This is sometimes called inference-time compute scaling — spending more compute during inference rather than purely during training.

OpenAI o3

o3 was the most significant reasoning-model release of early 2026. OpenAI haven't published full technical details, but from benchmarks and the o1 paper, we know:

  • It was trained with reinforcement learning on verifiable outcomes (math proofs, code tests, logic puzzles) rather than supervised next-token prediction
  • It uses a "think" budget that can be set low (fast, cheaper) or high (slower, more thorough)
  • On ARC-AGI 2, o3 (high compute) achieved 87.5% — up from GPT-4o's 5% on the same benchmark

The practical implication: on a hard coding problem, o3 with high budget will outperform o3 with low budget. Reasoning ability is partially a function of how many tokens the model gets to think with. That's a fundamentally new tradeoff in LLM deployment.

DeepSeek R1

DeepSeek R1, released in January 2025, was the open-source reasoning model that forced the industry to take inference-time compute seriously. Critically, DeepSeek published their training recipe.
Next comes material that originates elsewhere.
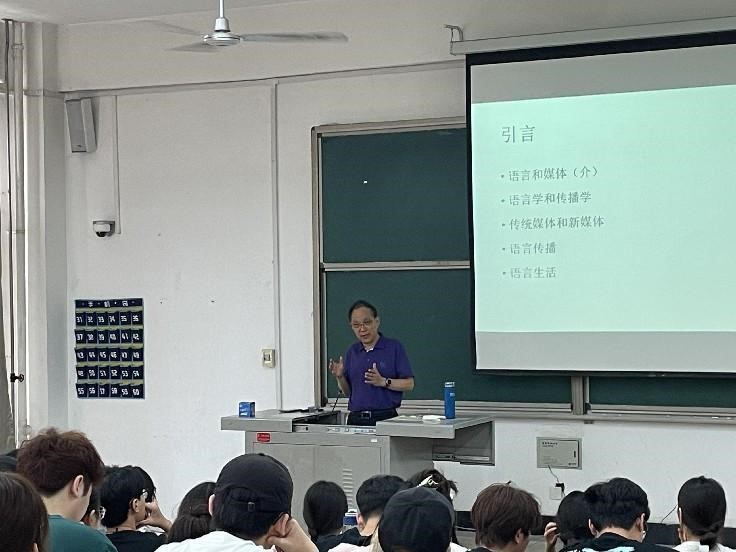 郭熙教授从“语言和媒体”、“语言学和传播学”、“传统媒体和新媒体”、“语言传播”和“语言生活”五个方面展开讲学。他强调,语言作为传播对象和新闻传播媒介,在不同历史时期需要不同的传播介质。他结合详实的案例,阐述了社会语言生活对媒体语言的要求,并提出新闻语言的规范与创新。

They trained R1 using GRPO (Group Relative Policy Optimisation), a variant of PPO that evaluates a group of completions against each other rather than a fixed reward model. The reward signals were:
- Format reward: does the output follow <think>...</think><answer>...</answer> structure?
- Accuracy reward: is the final answer correct (verifiable for math/code)?
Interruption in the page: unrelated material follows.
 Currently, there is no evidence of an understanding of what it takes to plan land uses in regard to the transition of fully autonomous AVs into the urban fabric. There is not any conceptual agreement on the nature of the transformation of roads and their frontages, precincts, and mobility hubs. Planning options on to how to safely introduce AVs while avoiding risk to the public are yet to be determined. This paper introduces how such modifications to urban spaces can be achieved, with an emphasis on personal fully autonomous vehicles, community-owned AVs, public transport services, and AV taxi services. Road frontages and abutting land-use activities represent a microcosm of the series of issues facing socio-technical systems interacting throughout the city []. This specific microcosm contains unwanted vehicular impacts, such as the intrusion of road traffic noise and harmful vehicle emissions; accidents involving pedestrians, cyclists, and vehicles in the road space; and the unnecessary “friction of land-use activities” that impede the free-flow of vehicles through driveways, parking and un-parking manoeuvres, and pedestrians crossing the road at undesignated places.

No human feedback. No human-written chain-of-thought examples in the initial training. The model learned to reason by trial and error against verifiable outcomes.

The result: R1-Zero (the base RL-trained model) spontaneously developed behaviours like self-correction — pausing mid-reasoning with phrases like "Wait, I made an error..." and revising its approach. The researchers didn't program this in. It emerged from the RL process.
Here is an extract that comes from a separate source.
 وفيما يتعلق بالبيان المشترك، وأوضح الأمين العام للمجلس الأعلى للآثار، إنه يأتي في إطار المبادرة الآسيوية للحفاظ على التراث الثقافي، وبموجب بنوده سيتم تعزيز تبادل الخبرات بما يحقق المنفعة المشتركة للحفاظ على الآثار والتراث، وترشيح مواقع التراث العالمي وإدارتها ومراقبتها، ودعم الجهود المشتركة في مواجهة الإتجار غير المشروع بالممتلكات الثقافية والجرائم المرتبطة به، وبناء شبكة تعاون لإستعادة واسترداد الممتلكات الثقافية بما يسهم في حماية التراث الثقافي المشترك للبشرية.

Claude's Extended Thinking

Anthropic's Claude 3.7 Sonnet (February 2026) and later Claude 4 introduced extended thinking: a configurable mode where the model generates a visible chain-of-thought scratchpad before its final response.

Unlike o3's opaque thinking process, Claude's extended thinking is shown to the user by default (with an option to hide it). This is both a design choice and a transparency statement — you can audit the reasoning, not just trust the answer.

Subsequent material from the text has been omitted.